En entendant la voix, Huan Mi leva prudemment la tête et vit que c'était Jing Yi, celui qu'elle attendait avec impatience. Elle courut vers lui et s'écria : « Frère Jing Yi, je savais que tu ne m'abandonnerais pas ! »

Elle courut vers Jingyi, leva les yeux vers lui avec des yeux pleins d'adoration et dit : « Je t'ai écouté et j'ai poignardé mon frère en secret sur le champ de bataille… Même s'il ne meurt pas, il me haïra jusqu'à la moelle. Frère Jingyi, maintenant Mi'er ne peut compter que sur toi ! »

Jingyi tendit la main et caressa la tête de Huan Mi. « Mi'er est si obéissante. Tu as fait du très bon travail. »

Jingyi se montrait rarement aimable envers Huan Mi, et encore moins caressait doucement sa tête.

La jeune fille rougit légèrement sous l'effet de cette soudaine intimité de la part de son bien-aimé et dit : « Frère Jingyi, tu ne dois pas décevoir Mi'er. Mi'er a tout sacrifié pour toi… »

« Je sais. » Jing Yi enlaça doucement Huan Mi, le regard empli d'une froideur meurtrière que Huan Mi ne pouvait percevoir. « Alors, ce que ton frère Jing Yi veut te dire, c'est… ne tombe pas amoureuse de quelqu'un qui ne t'aime pas du tout, car quoi que tu fasses pour lui, tu ne seras jamais la personne qu'il regarde… »

Dans un bruit sourd, la dague froide transperça la chair fragile.

Jing Yi lâcha la personne qu'il tenait dans ses bras. Huan Mi, se tenant le ventre ensanglanté, s'effondra au sol. Les yeux emplis de confusion, elle regarda Jing Yi : « Pourquoi… »

Jing Yi sortit un mouchoir en soie pour essuyer le sang laissé par Huan Mi sur le poignard. « Car seul un fou se laisserait faire aveuglément. Une personne intelligente devrait tout faire pour le récupérer. »

Huan Mi n'a jamais compris ce principe jusqu'à sa mort.

Ses yeux s'écarquillèrent de terreur, fixant intensément son amant non réciproque avec un sentiment de perplexité éternelle.

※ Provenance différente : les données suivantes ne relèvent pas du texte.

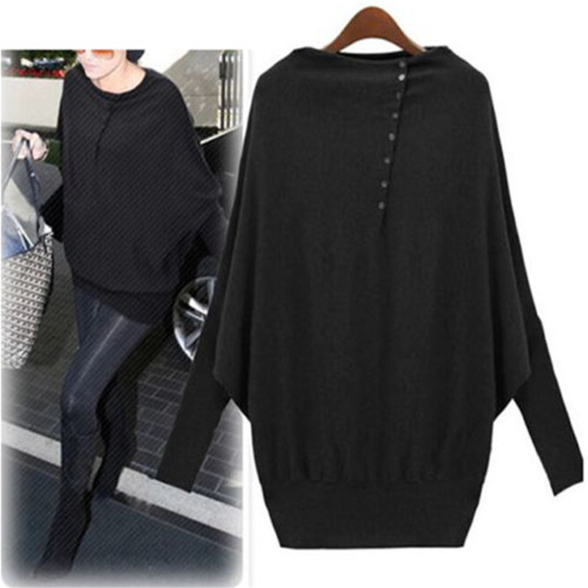 > Damen Bekleidung > Pullover > Marke Damen Pullis und Pullover im Herbst Mode casual Batwing Ärmel Knopf aus langer Pullover und Grösse auch

«Trouvons un endroit pour l'enterrer.»

Jingyi sortit de la pièce et donna des instructions aux soldats. Il vit ensuite Huan Changming sortir rapidement et se diriger vers l'endroit où Huan Juntian et Qu Surou étaient détenus.

« Que s'est-il passé ? » demanda-t-il aux soldats à l'extérieur.

« J'ai rapporté à Lord Jing que ce sont les prisonnières qui causent les problèmes. »

Jingyi souhaitait inconsciemment aller aider Huan Changming à résoudre ses problèmes, mais il s'arrêta brusquement à mi-chemin.

Il se souvint de ce qu'il venait de dire à Huan Mi, mais se surprit alors à retomber dans ses vieilles habitudes.

Après un moment d'hésitation, il se retourna et se dirigea vers la chambre de Huan Changming, où il aperçut Lu Pianpian à travers la porte entrouverte.

Lu Pianpian s'appuya contre la rambarde du lit, les yeux vitreux, regardant vers la porte, la voix rauque lorsqu'elle demanda : « Que veux-tu faire ? »

Lorsqu'il fut découvert, Jing Yi fut immédiatement déstabilisé. Dans sa précipitation, il poussa la porte et se retrouva face à face avec Lu Pianpian.

Voyant l'air maladif de Lu Pianpian, si différente de son entrain habituel, il se sentit plus confiant. « Il semble que vous ne vous inquiétiez absolument pas pour la sécurité de Mlle Qu et de Huan Juntian. Êtes-vous à l'aise dans le lit de Sa Majesté ? »

Lu Pianpian serra la couverture sous lui. S'il avait pu, il aurait préféré être enfermé dans une cage avec ses frères aîné et cadet plutôt que de partager un lit avec Huan Changming.